By Eleanor Blazer
"Tainted Feed Kills Horses" are headlines that appear too frequently.
Is your horse at risk? Yes, if you purchase feed from manufacturers that use a drug called an ionophore.
Ionophores are non-therapeutic antibiotics used to control coccidiosis, a microscopic one-celled parasite, that can infect animals, birds and humans. Cattle and poultry producers use the antibiotic to fight the protozoa which causes diarrhea, decreased egg production, decreased rate of gain, and death in severe cases. Cattle growers also use feeds containing ionophores to prevent bloat, acidosis, and to increase feed efficiency.
While ionophores can be beneficial to cattle and chickens, it can be deadly to horses. According to a study done in 1985 by Langston VC, Galey F, Lovell R and Buck WB (Toxicity and Therapeutics of Monensin: A rev.
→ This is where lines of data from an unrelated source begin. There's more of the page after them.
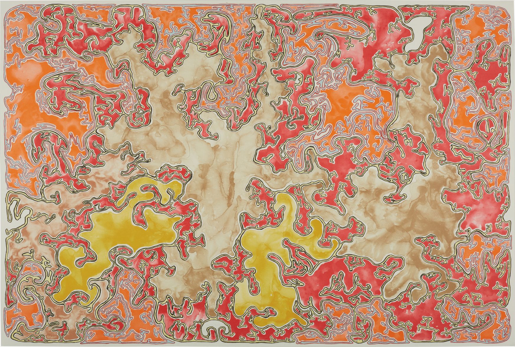 Tanagra is a vibrant lithograph in colors by James Siena, printed on Arches cover paper with full margins. The work exemplifies Siena's signature systematic approach to pattern and form, where intricate, rule-based structures create a mesmerizing visual rhythm across the composition. The richness of the color lithography process enhances the precise, interlocking geometries that have become central to Siena's artistic practice.
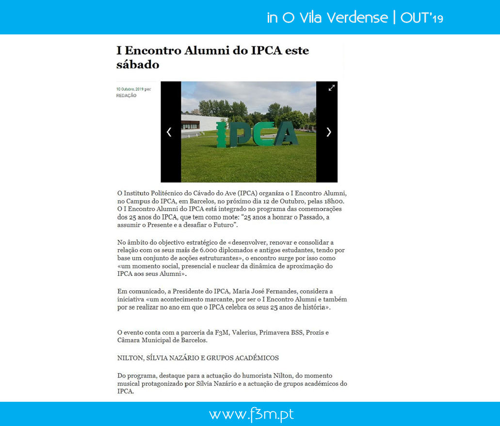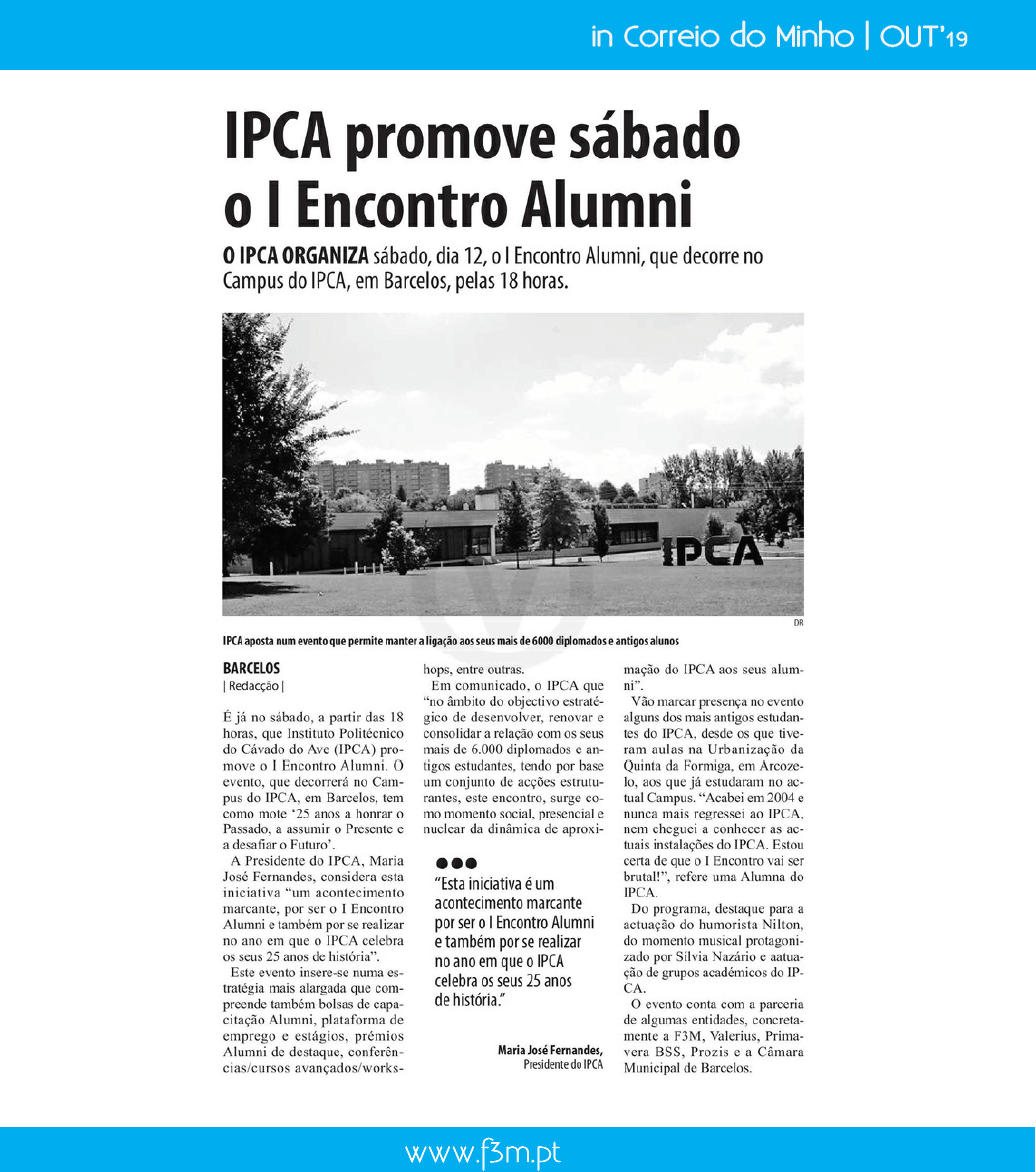 I Encontro Alumni do IPCA este sábado (OUT2019)
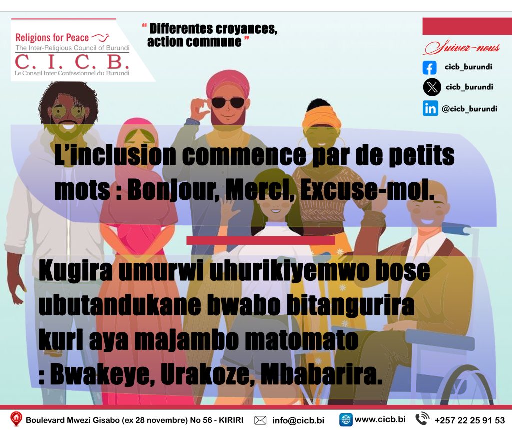 Au Conseil Interconfessionnel du Burundi (CICB), nous croyons que chaque geste de courtoisie contribue à créer un environnement inclusif où chacun se sent respecté et valorisé. L’inclusion n’est pas seulement un concept : elle commence par des actions concrètes et quotidiennes.
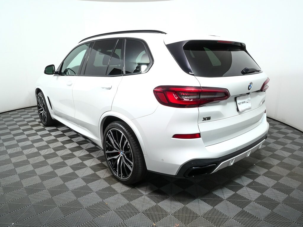 This vehicle is equipped with 22" M Double Spoke bi-color wheels with performance tires, a space-saver spare, and an increased top-speed limiter. The exterior is finished in Mineral White Metallic, paired with Tartufo extended Merino leather upholstery and Carbon Fiber interior trim. Packages include the Parking Assistance Package, Climate Comfort Package, and Executive Package. Additional features include M Sport Brakes with red calipers, rear manual side window shades, Extended Shadowline exterior trim, heated front seats with heated armrests and steering wheel, and glass interior controls.
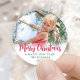 Adicione um toque de acabamento de na moda aos presentes de Natal, cartões de natal e favoritos para festas com adesivos fotoredondos personalizados e coloridos modernos. A imagem e todos os textos neste modelo são simples de personalizar para selagens de envelopes ou etiquetas de presentes. O roteiro pode ser Feliz Natal, Felizes Feriados, Saudações de Sábios, ou Feliz ano novo. Como opção, altere a saudação para seu nome e use o restante para seu endereço de devolução ou mensagem especial. O brilhante design verde e vermelho de amora apresenta caligrafia ousada de guião, tipografia clássica elegante e uma foto da sua escolha. A família e os amigos adorarão a linda e única adição que estes autocolantes fazem às comemorações de férias. Feliz Natal e Feliz ano novo!

Vet. Med., 80: 75), a commonly used ionophore called monensin may cause death in some horses, if as little as 1milligram per kilogram (2.2 pounds) of body weight is consumed. For an average-sized horse of 1,000 pounds this works out to less than a gram of monensin having the potential to kill a horse. To put it into prospective, an average-sized paper clip weighs about a gram.
One of the first signs that an ionophore may be present in the feed is when horses refuse to eat feed that is new. Symptoms of ionophore poisoning vary from horse to horse, based on how much they have eaten. Some horses may die without any clinical signs of being sick. Other horses may act depressed, have diarrhea, colic, show reluctance to move, be weak or stiff. Sweating, head pressing, blindness and increased urination may also be present. Death and/or symptoms usually appear within eight to 24 hours of eating the contaminated feed.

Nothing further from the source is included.